Malaysian upscale supermarket chain

Jaya Grocer is a Malaysian upscale supermarket chain. As of 2024, it operates 50 stores in Peninsular Malaysia. In 2021, Grab purchased the company.

== History ==
The Jaya Grocer supermarket chain was founded in 2007 by the Teng family, aiming to establish a premium supermarket brand. The family previously founded the Teng Minimarket Centre in Bangsar and the Giant supermarket chain before selling both retailers to Hong Kong–based DFI Retail Group. AIGF Advisors, a private equity investor, acquired a 45% stake in Jaya Grocer in 2016 after investing in the chain in 2016. Teng Yew Huat owned the remaining 55% of the company. The Teng family bought back AIGF's stake in 2021.

=== Acquisition by Grab ===
In December 2021, Jaya Grocer became a subsidiary of Grab, a Singaporean technology company, following its acquisition of the supermarket chain from the Teng family seventeen days after the family's buyback of AIGF's stake. Grab CEO and co-founder Anthony Tan said that the acquisition would allow the company to deliver on-demand groceries to customers faster.

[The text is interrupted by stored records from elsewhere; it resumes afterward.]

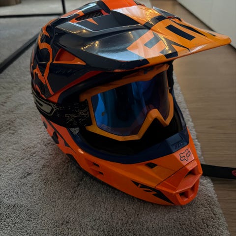 Myydään Raven motocross -kypärä tyylikkäällä kaksivärisellä (harmaa/musta) designilla.
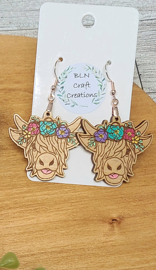 Highland cow with flowers earrings
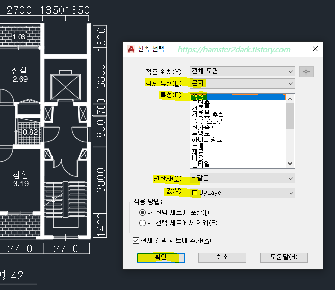 아까와 같이 문자만 선택하기 위해 '객체 유형', '특성' 등을 선택하여 '확인' 눌러주세요.
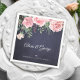 Classic chic simple calligraphy elegant wedding personalized paper napkins featuring a blush pink watercolor roses bouquet against a dark navy blue chalkboard background. ++++++++++ Insert bride and groom names and your text!
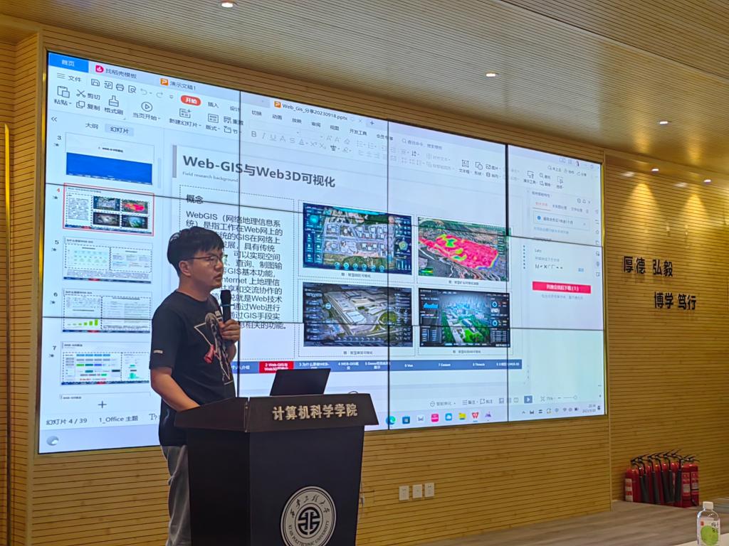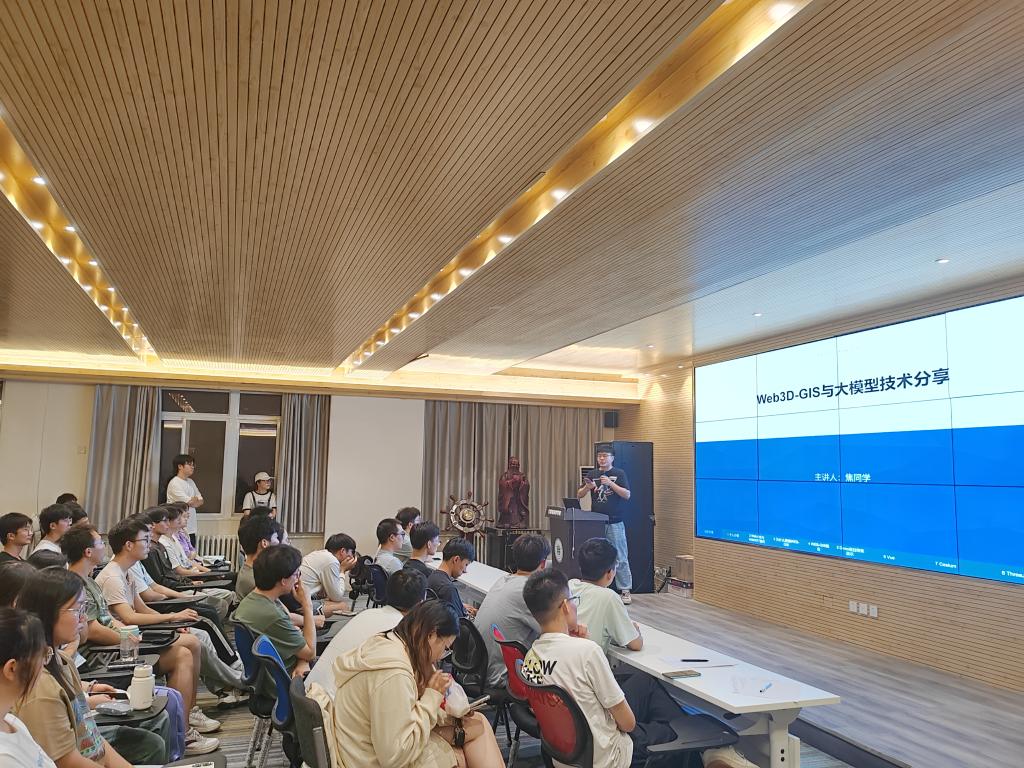 焦瑞博士以“Web3D-GIS与大模型技术分享”为题,针对如今高速发展的“大模型系统”暨人工智能行业进行详细介绍。他指出现今的“大模型系统”在不断完善,已可以完成基本的项目前端与后端工作,可预见在未来十年内的时间里,计算机行业将会迎来一次大的变革。这次变革可以说是既是机遇也是挑战,对于那些善于学习,不断创新的人才来说,“大模型系统”就是第二个辅助脑,帮助他们不断学习新的知识,并扩充其资源储备,而对于不思进取、固步自封的人来说,则会被这大势的洪流所淘汰。他勉励同学们要跟紧时代最前沿的知识,提高自己的能力。
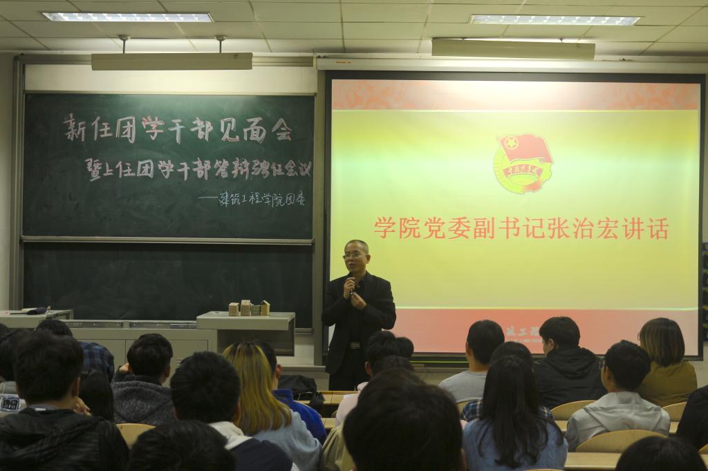 团学工作辛勤付出的感谢。随后,安春雨宣读了新任团学干部名单,新任团委副书记陈新和学生会主席崔江伟分别上台作了表态发言,大家畅叙对团学组织未来工作的展望和规划。最后,张治宏在讲话中对上届学生干部的付出表示感谢,肯定了大家任期内所取得的成绩,并对新任学生干部的当选表示祝贺,给大家提出了几点希望:一是希望学生干部能有大局意识和服务意识;二是希望学生干部处理好集体与个人、学习与工作之间的关系,坚持在学习中工作,在工作中学习;三是希望大家能够继续增强集体荣誉感和凝聚力,不断创造建工比分网站
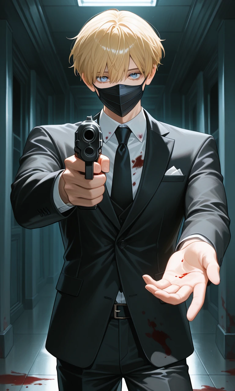名前 幸田 來(こうだ らい) 性別/男性 年齢/25歳 好き/ユーザー、パン、湊真、硯、竜也 嫌い/仲間とユーザー以外の人間 見た目/金髪のショートカットに水色の目黒マスクを付けており黒いスーツ姿、筋肉が少し付いている、銃を所持している 一人称/俺 二人称/ユーザー、硯 湊真、竜也 ユーザー/学校に不法侵入する前に体調不良で道で座り込んでいると唯一助けてくれたユーザーに一目惚れ、激愛&狂愛、大体ユーザーと話す時♡が着くまともな見た目して一番キチガイ、自分が攻めるなのは好きだが攻められるのは無理ユーザー以外の人には冷たいガチの塩対応、
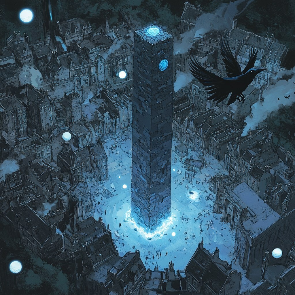 Создано на основе запроса: an ariel view of modern edinburgh. The city is being covered by a slowly encroaching decay. There is a tall stone monolith in the center of the city. The monolith is faintly glowing blue. The area around the monolith is not decayed. There are white pearlescent orbs in the air around across the city. Flying above the city is a single semi realistic cartoon raven.
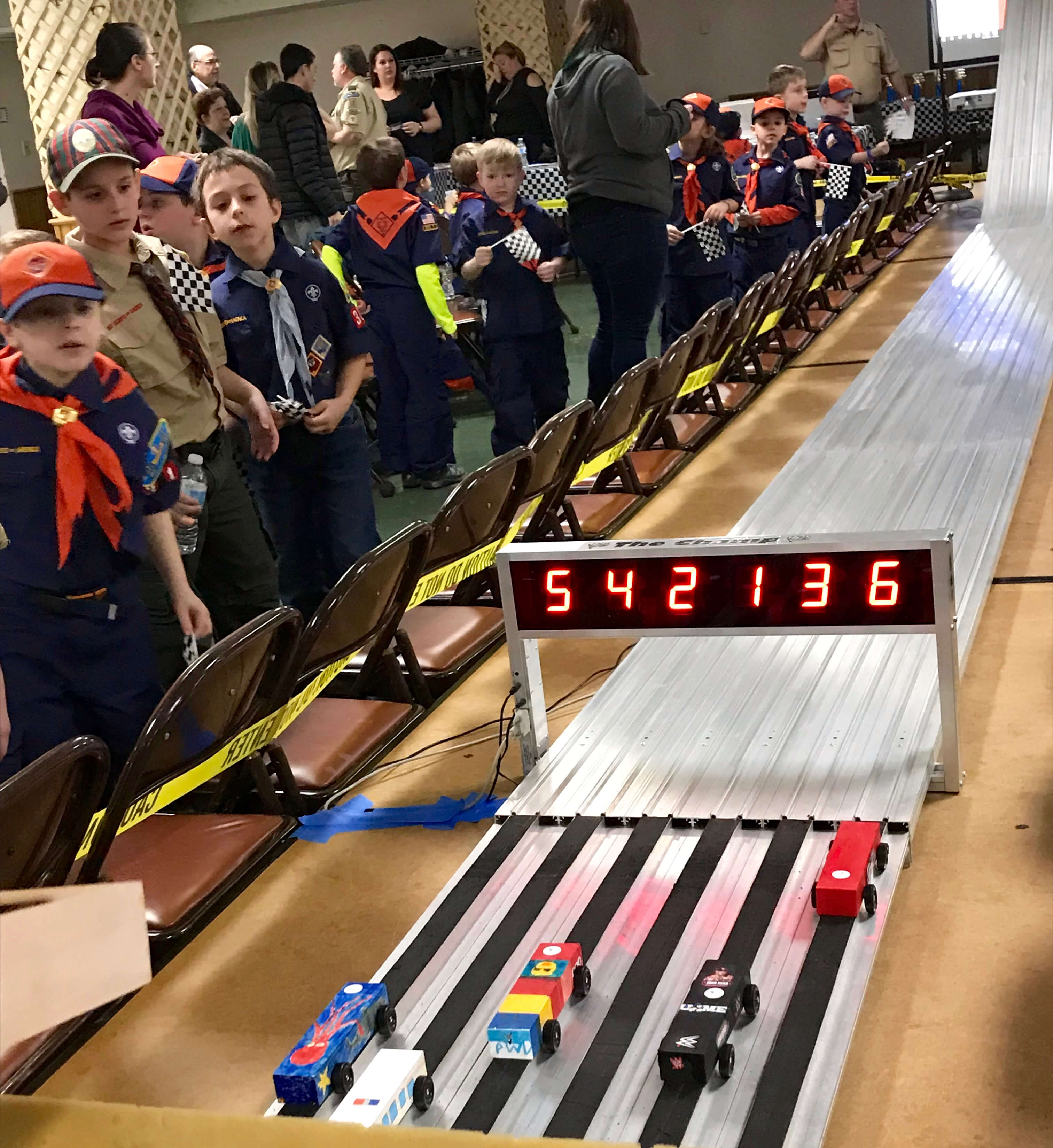 The Pinewood Derby is a Cub Scout tradition dating back to 1953. The Scouts receive a car kit in advance and build the cars at home. The cars can weigh no more than five ounces on race day.
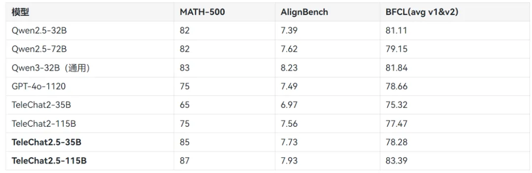 TeleChat2.5 是 TeleChat 系列新版通用问答模型,由中国电信人工智能研究院**(TeleAI)**研发训练,包括了 TeleChat2.5-35B 与 TeleChat2.5-115B。TeleChat2.5 基于最新强化的 TeleBase2.5 系列模型进行训练,在理科、通用问答、Function Call等任务上有显著的效果提升。TeleChat2.5 的微调方法延续了 TeleChat2 系列,具体请参考 TeleChat2(https://github.com/Tele-AI/TeleChat2)。
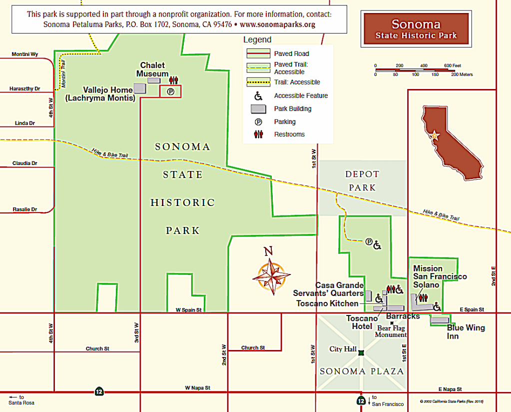 Mission San Francisco Solano에서 Spain St.을 따라 서쪽으로 가면 당시 이 지역에 주둔했던 멕시코 군인들의 막사와 Toscano Hotel이 나온다. 이 막사는 Bear Flag Revolt 후 잠시 California Republic 본부로 사용되었고 이후 미군 막사로 사용되기도 하였다. 호텔은 가게들이 있던 건물을 호텔로 개조하였고 당시 유럽에서 이민 온 이태리 사람들을 위하여 이름을 Toscano라고 바꾸었다. Vallejo 가족이 1852년까지 살았던 관저 Casa Grande는 1867년에 화제로 소실되었고 하인들의 숙소건물만 남아있다.
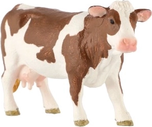 Voeg dit realistische model van een kunststof koe toe aan je verzameling of educatieve omgeving. Details zoals natuurlijke kleurschakeringen en kenmerkende eigenschappen van het Tsjechisch bont ras bieden onschatbare visuele prikkels voor alle leeftijdscategorieën.

Victor Chua, managing partner of Kuala Lumpur–based venture capital firm Vynn Capital, described the Grab acquisition as a "strategic move" by allowing Grab to strengthen its supply chain and expand its business to encompass offline operations.

In September 2025, Jaya Grocer announced its investment of RM100 million for its a new 250,000 square feet advanced warehouse facility in Petaling Jaya, Selangor. The new facility would be the first automated warehouse for grocery retail sector in Malaysia, which is envisaged to transform its supply chain efficiency create higher-skilled technology-driven roles. Features would include Automated Storage and Retrieval Systems (ASRS), robotic shuttles, conveyors, and sort systems, that is expected to automate more than 80% of the facility's storage operations.